Do you have to wait until the end of the year to take the $202,000 out or pay tax on it? No, and you shouldn’t.

Remember that the money you’re paying yourself every month is enough to cover your expenses and safety net. But with the remaining amount of profit, take distributions throughout the year, although it may be more annoying for your accountant. Technically, you can take a distribution everyday as long as they are all reported when you’re paying your taxes. 

Salary + Distributions

Based on these, I think the best way how to pay yourself as a small business owner from this is to set quarterly goals for your business in net profit. Also, choose a distribution that you want to pay yourself every month.

For example, in Q1, you might want to make a $100,000 net profit and if you achieve that, you’re going to take $50,000 as a distribution. So basically, you’ll have a salary of $4,000 per month and a $50,000 distribution for Q1 if you hit your goals. 

Don’t worry. The rest of the money will still be going to your business so that at the end of the year if you don’t need it by then for your business, you can also take it as distribution. 

I recommend setting different goals monthly and quarterly and when you hit those goals, take distributions based on numbers. This will be motivating and is a good way to know why you’re taking money out of your business. 

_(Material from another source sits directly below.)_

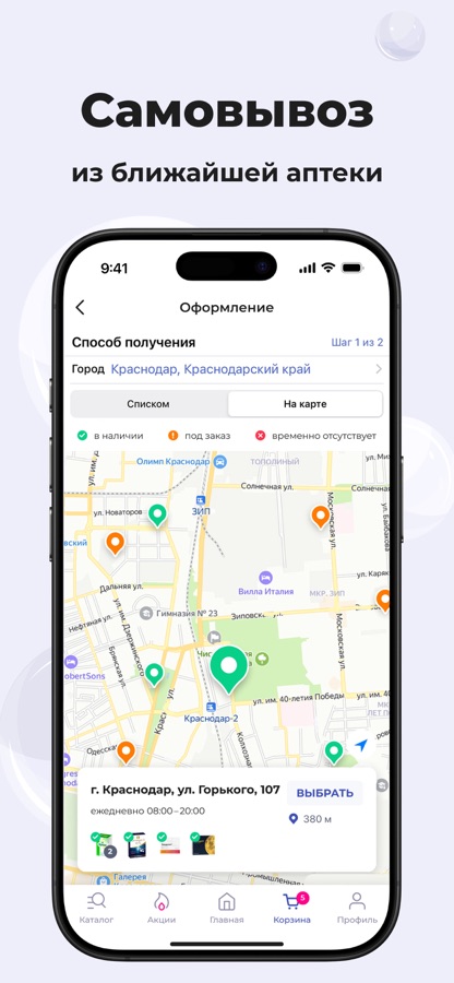 Вы находите необходимый товар в поиске или каталоге, добавляете его в корзину, далее определяете аптеку для самовывоза или адрес для доставки и подтверждаете заказ. Как только заказ будет сформирован и готов к выдаче, на указанный вами номер телефона вы получите смс-сообщение или уведомление в приложении о том, что заказ готов к выдаче.
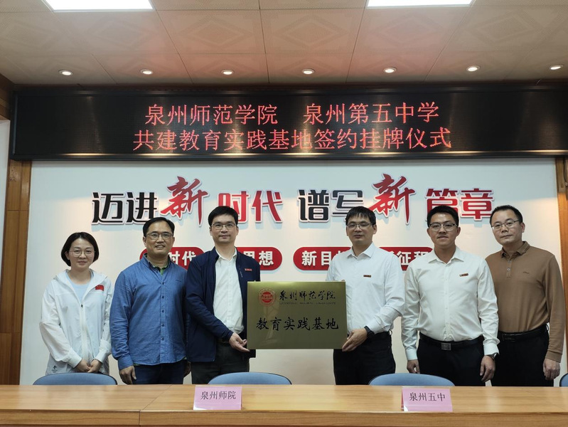 2024328日下午,外国语学院、泉州第五中学共建教育实践基地协议签约暨“k8凯发(中国)天生赢家·一触即发教育实践基地”揭牌仪式在泉州第五中学桂坛校区圆满举行。

Again, I still recommend leaving money in. Don’t take all the net profit out of distribution as quickly as you make them. There are some reasons for that: 

  • You can use the money to reinvest into your business since it’s a write-off. 
  • It can grow your business faster. 
  • It will make your Q2 net profit bigger because the money is being reinvested to improve the business. 

These are write-offs and they should be coming out of your net profit, not after you pay yourself a distribution. This will also help save money on taxes since the money is coming out of the business. So whenever it’s possible to write anything off, you should definitely do it. 

Tracking Your Expenses - Conclusion

There are many things to consider when deciding how to pay yourself as a business owner. Ultimately, you have to ensure that you’re paying yourself a salary that’s enough to cover your monthly expenses. You can take the rest as distributions from the net profit you make. 

To make sure everything is well taken care of, make sure to track your expenses. You can use the tool XERO for this so you can track your expenses and your write-offs.